9. Transfer. A Holder may transfer any shares of Series G Non-Voting Preferred Stock, held by such Holder without the consent of the Corporation; provided that such transfer is in compliance with applicable securities laws. The Corporation shall in good faith (i) do and perform, or cause to be done and performed, all such further acts and things, and (ii) execute and deliver all such other agreements, certificates, instruments and documents, in each case, as any Holder may reasonably request in order to carry out the intent and accomplish the purposes of this Section 9.
10. Series G Non-Voting Preferred Stock Register. The Corporation shall maintain at its principal executive offices (or such other office or agency of the Corporation as it may designate by notice to the Holders in accordance with Section 11), a register for the Series G Non-Voting Preferred Stock, in which the Corporation shall record, in addition to any information otherwise required by law to be set forth on such register, (i) the name, address, electronic mail address of each Holder in whose name the shares of Series G Non-Voting Preferred Stock have been issued and (ii) the name, address, electronic mail address of each transferee of any shares of Series G Non-Voting Preferred Stock. The Corporation may treat the person in whose name any share of Series G Non-Voting Preferred Stock is registered on the register as the owner and holder thereof for all purposes.

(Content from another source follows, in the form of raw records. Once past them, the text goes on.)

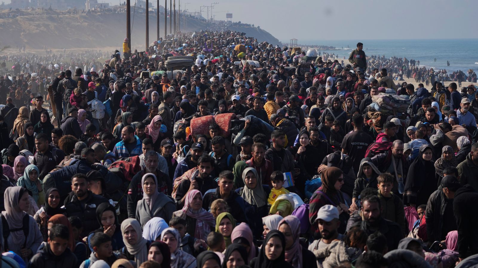 Many had infants in their arms or carried what belongings they could as they journeyed up from southern Gaza on foot after Israel opened crossings on Monday.
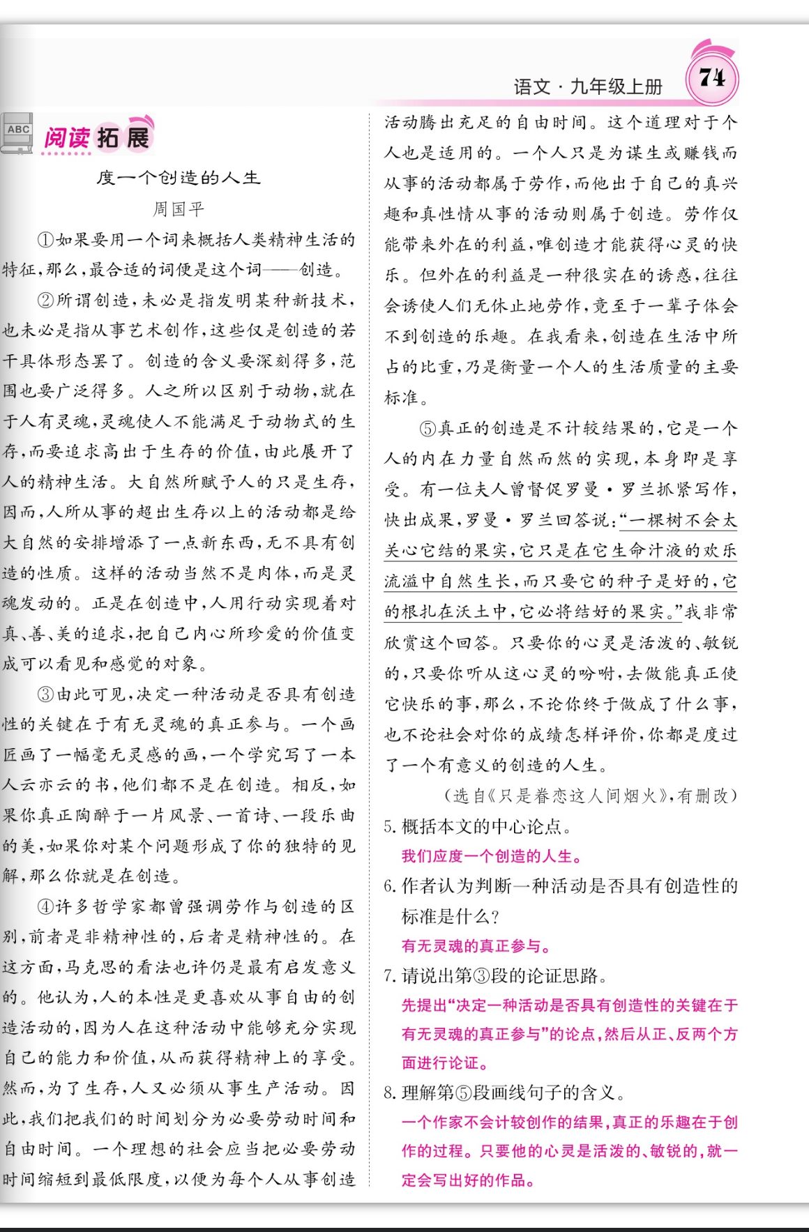 2023年名校课堂内外九年级语文上册人教版四川专版
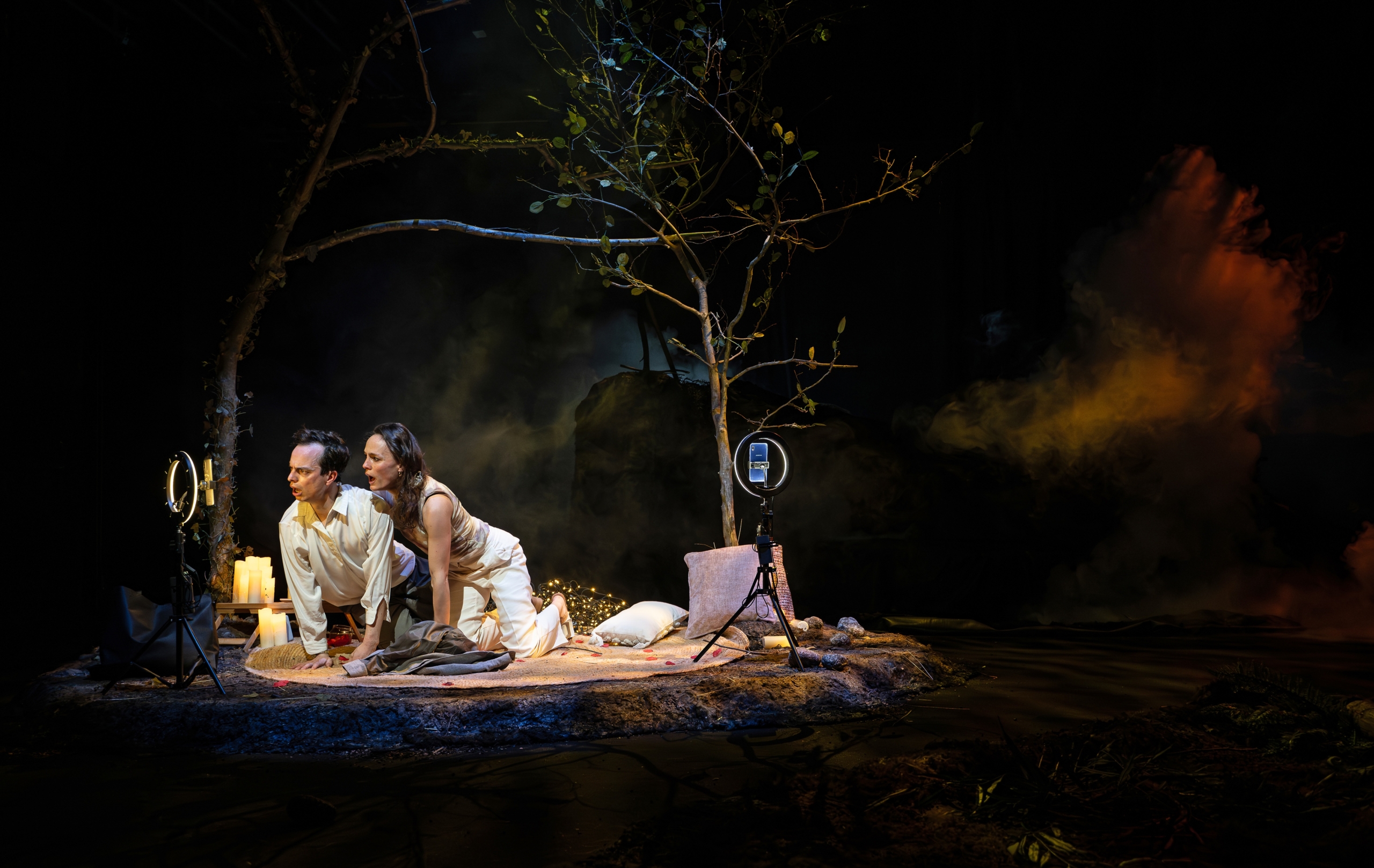 Car du stage de reconnexion avec la nature organisée au pied du seul arbre encore existant – quoi qu’assez largement moribond – à l’attention de trois sangsues humaines venues exorciser leurs addictions – aux médicaments, au numérique, à la malbouffe, à la drogue, aux fausses apparences, à l’amour… –, encouragées et stimulées par la société de consommation, à l’enterrement d’un petit chien exécuté par la fille sans coeur de sa maîtresse subclaquante et essorée par le chagrin, en passant par l’insupportable duo d’influenceurs qui, pendant qu’un incendie ravage la forêt autour d’eux et fait (littéralement) pleuvoir des oiseaux, jouent à s’aimer en singeant tous les codes du (faux) romantisme contemporain, c’est bien l’humain qui, à chaque fois, dans un élan aveugle à force d’être narcissique, se place au-dessus de la mêlée, quand bien même celle-ci serait devenue un champ de ruines. Et c’est là, à cet endroit de jonction précise entre les actions des micro-récits et leur cadre scénique, qui, parti jungle luxuriante, se dégrade chaque fois un peu plus pour atteindre le stade de pauvre monticule pollué, que la création de Still Life peut faire mouche. Dans la façon qu’elle a de montrer, sur un mode cousin du film Don’t Look Up, que l’humanité est à tel point centrée sur elle-même, et obsédée par son mal-être narcissique, qu’elle ne cherche même plus à tenter de sauver la nature, ou à faire semblant de, mais souhaite simplement tantôt être exonérée de toute responsabilité morale pour avoir la conscience tranquille, tantôt ne pas être confrontée aux conséquences de ses actes, et tantôt encore ne plus avoir à se préoccuper que de ses égoïstes turpitudes, à l’image du décès de ce chien pleuré à chaudes larmes alors que, tout autour, la désolation manifeste ne provoque aucune réaction – mise à part celle de la nature elle-même.

11. Notices. Any and all notices or other communications or deliveries to be provided to the Corporation hereunder, including, without limitation, any Notice of Conversion, shall be in writing and delivered personally, via email or sent by a nationally recognized overnight courier service, addressed to First Wave BioPharma, Inc., at 777 Yamato Road, Suite 502, Boca Raton, Florida 33431, Attention: Chief Financial Officer, email: sromano@firstwavebio.com, or such other email address or mailing address as the Corporation may specify for such purposes by notice to the Holders delivered in accordance with this Section 11. Any and all notices or other communications or deliveries to be provided to a Holder hereunder shall be in writing and delivered personally, by email at the email address of such Holder appearing on the books of the Corporation, or if no such email address appears on the books of the Corporation, sent by a nationally recognized overnight courier service addressed to such Holder, at the address on the records of the Corporation. Any notice or other communication or deliveries hereunder shall be deemed given and effective on the earliest of (i) the date of transmission, if such notice or communication is delivered via email at the email address specified in this Section 11 prior to 5:30 p.m. Eastern Time on any date, (ii) the date immediately following the date of transmission, if such notice or communication is delivered via email at the email address specified in this Section 11 between 5:30 p.m. and 11:59 p.m. Eastern Time on any date, (iii) the second (2nd) Business Day following the date of mailing, if sent by nationally recognized overnight courier service, or (iv) upon actual receipt by the party to whom such notice is required to be given.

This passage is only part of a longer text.